What can households do?

It is no surprise that situations are going to be tight for most households in the next few months. Interest rate hikes are likely to add to the repayment burden faced by mortgage-holding households.

In the given scenario, many households could be looking for unique and innovative ways to save up even a single penny. Here are some helpful and unusual ways that individuals can use to ease the burden of daily costs:

  • Rent rooms on Airbnb: Those with an additional room can put it up to some good use, especially as travel and tourism have taken off over the recent months. For instance, individuals can use Airbnb to put up their own house as an accommodation for those travelling the area. For travellers, it is a cheaper and more homely option than staying in hotels. In fact, the ongoing trend of taking work vacations could encourage many individuals to stay in serene locations for weeks. A cheaper and home-like stay could be perfect for these individuals.

Households would have to develop a strong savings buffer.

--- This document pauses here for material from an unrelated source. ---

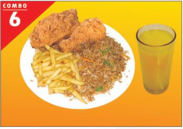 Incluye, arroz frito, dos piezas de pollo frito y refresco natural.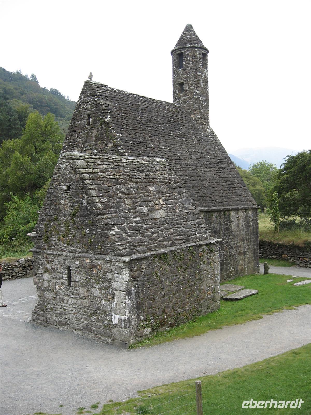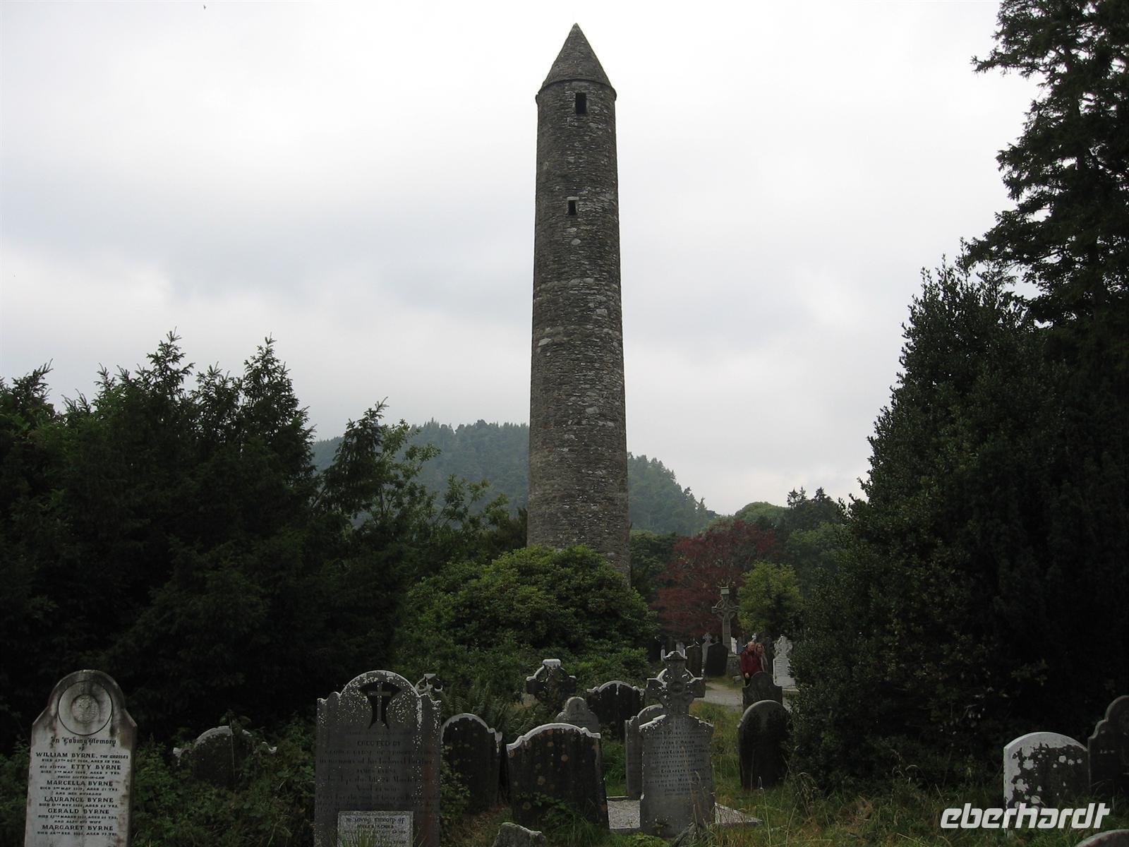 Heute heißt es das erste mal wandern und am Beginn steht auch gleich die anstrengendste Wanderung. Aber bevor es losgeht fahren wir erst einmal vom Hotel aus nach Glendalough, dem Tal der zwei Seen. Hier befand sich eines der wichtigsten frühchristlichen Klöster Irlands, gegründet im 6. Jh. durch St. Kevin. Der christliche Glaube kam durch Patrick vom europäischen Festland nach Irland, verbreitete sich hier und wurde dann von irischen Mönchen wieder auf das europäische Festland zurück gebracht und in den Gebieten, welche nicht unter römischer Herrschaft gestanden haben, verbreitet. Im Visitor Center sehen wir einen Film der darüber und natürlich auch über die Entstehung des Klosters hier berichtet. Anschließend gehen wir gemeinsam mit Fiona, einer deutsch sprechenden Führerin, durch das Klostergelände. Sie zeigt und erklärt uns den Eingang zum Kloster, den Rundturm, die Kathedrale und Kevin Church. Mit Charme und Witz bringt sie uns die Geschichte näher. Das Wetter übrigens meint es mit uns überaus gut. Am Morgen ist es noch etwas diesig, als wir aber zum Wandern aufbrechen kommt wie auf Bestellung die Sonne raus. Wir wandern entlang des Upper Lake bis zum ehemaligen Miners Village, wo sich einige verfallene Gebäude einer längst geschlossenen Bleimine. Dann erfolgt ein Aufstieg bis zu einem Sattel.

  • Sell unused clothes: Apart from being an environmentally friendly solution, thrifting is a great way to make some easy money. Individuals can choose outfits from their own wardrobe that they no longer feel the need to keep and sell at a reasonable price on social media platforms. A key to gaining followers on these platforms is using the right hashtags.
  • Taking tax refund in every pay: Most individuals wait until the end of the year to get their tax refund. This means that a potential interest on this rebate money is lost as it is kept with the taxation office throughout the year. Individuals can fill out a withholding variation form on the ATO website to take advantage of deductions regularly instead of a lump sum at the end of the fiscal year.